Abstract 163P
Background
In the RATIONALE-315 (NCT04379635) trial, neoadjuvant tislelizumab plus chemotherapy followed by adjuvant tislelizumab (TIS) resulted in a statistically significant improvement in efficacy versus neoadjuvant chemotherapy + placebo followed by adjuvant placebo (nCT + PBO), in patients with resectable stage II-IIIA non-small cell lung cancer (NSCLC). RATIONALE-315 was conducted in China; this analysis evaluated the transportability of efficacy outcomes to the European population.
Methods
A protocol-driven targeted literature review (TLR) was conducted to identify literature reporting baseline characteristics of stage II-IIIA NSCLC patients in European real-world populations. All retrieved abstracts and full texts were screened according to predetermined criteria. The final studies selected were considered the most suitable to define the target European populations. Outcome regression analyses were conducted to estimate the transportability of treatment effects observed in RATIONALE-315 for event-free survival (EFS), major pathological response (MPR) and pathological complete response (pCR) to the European population.
Results
After screening 178 articles and 8 gray literature sources, 10 studies were included in the TLR. Two studies, which enrolled patients in the defined target populations, were deemed relevant for the statistical analyses. EFS for RATIONALE-315 (HR: 0.56 [0.40–0.79]) was comparable to the predicted results for the target European population 1 (HR: 0.57 [95% CI: 0.25–1.34]) and target population 2 (HR: 0.63 [0.35–1.13]). Similarly, MPR for RATIONALE-315 indicated a substantial benefit of TIS versus nCT + PBO (OR: 7.49 [4.75–11.82]), and this was aligned with the predicted MPR results (population 1 OR: 3.39 [1.07–11.52]; population 2 OR: 10 [4.19–25.71]). Similar results were observed for pCR (RATIONALE-315 OR: 11.54 [6.18–21.54], versus predicted ORs for European target population 1: 8.95 [1.92–58.88] and population 2: 12.41 [4.18–46.85]).
Conclusions
These analyses demonstrated that the treatment effects of TIS versus nCT + PBO observed in the RATIONALE-315 trial are applicable to European patients with resectable NSCLC.

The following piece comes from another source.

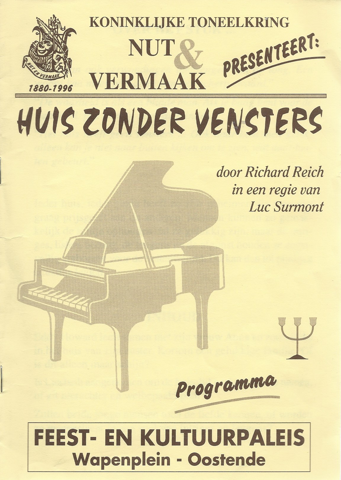 Omschrijving door Richard Reich in een regie van Luc Surmont Trefwoorden PROGRAMMA'S NUT EN VERMAAK (TONEELVERENIGING) HUIS ZONDER VENSTERS (TONEELSTUK) TONEELSTUKKEN REICH RICHARD (AUTEUR) SURMONT LUC (TONEELREGISSEUR) FEEST- EN CULTUURPALEIS ; TONEEL Plaatskenmerk ARCHIEF 110 ARCHIEFDOOS KUNSTEN Inventarisnummers 2021/2226 10/ 05/ 1996 12/ 05/ 1996 Herkomst JACOBSEN VANTHUYNE JEAN Bestanden 2021-2226.pdf Print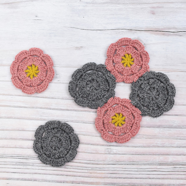1枚でも、つなげてもかわいいお花のモチーフ。くさり編み、細編み、長編み、3つの編み方でお花を編んでいきます。それぞれの編み目の大きさを揃えることできれいなお花の形になりますよ。

Clinical trial identification
NCT04379635.
Editorial acknowledgement
This study was sponsored by BeiGene, Ltd. Medical writing support was provided by Simone Rivolo, PhD, Caroline von Wilamowitz-Moellendorff, PhD, and Venediktos Kapetanakis, PhD, of Evidera, a business unit of PPD, part of Thermo Fisher Scientific, and was funded by BeiGene. Editorial support was provided by Envision Pharma Inc., and was funded by BeiGene.
Legal entity responsible for the study
BeiGene, Ltd.
Funding
BeiGene, Ltd.
Disclosure
F. Passiglia: Financial Interests, Personal, Advisory Role, consulting/advisory fee: Amgen, AstraZeneca, BeiGene, Janssen, Merck Sharp Dohme, Sanofi, Thermo Fisher Scientifics. E. Priedane, S. Mardiguian, A. Mendoza, S. Leaw, Y. Wang, X. Lin: Financial Interests, Personal, Full or part-time Employment: BeiGene, Ltd. M. Farraia, A. Pandey, P. Shukla, C. von Wilamowitz-Moellendorff, S. Rivolo, V. Kapetanakis: Financial Interests, Personal, Full or part-time Employment: Evidera, a business unit of PPD, part of Thermo Fisher Scientific.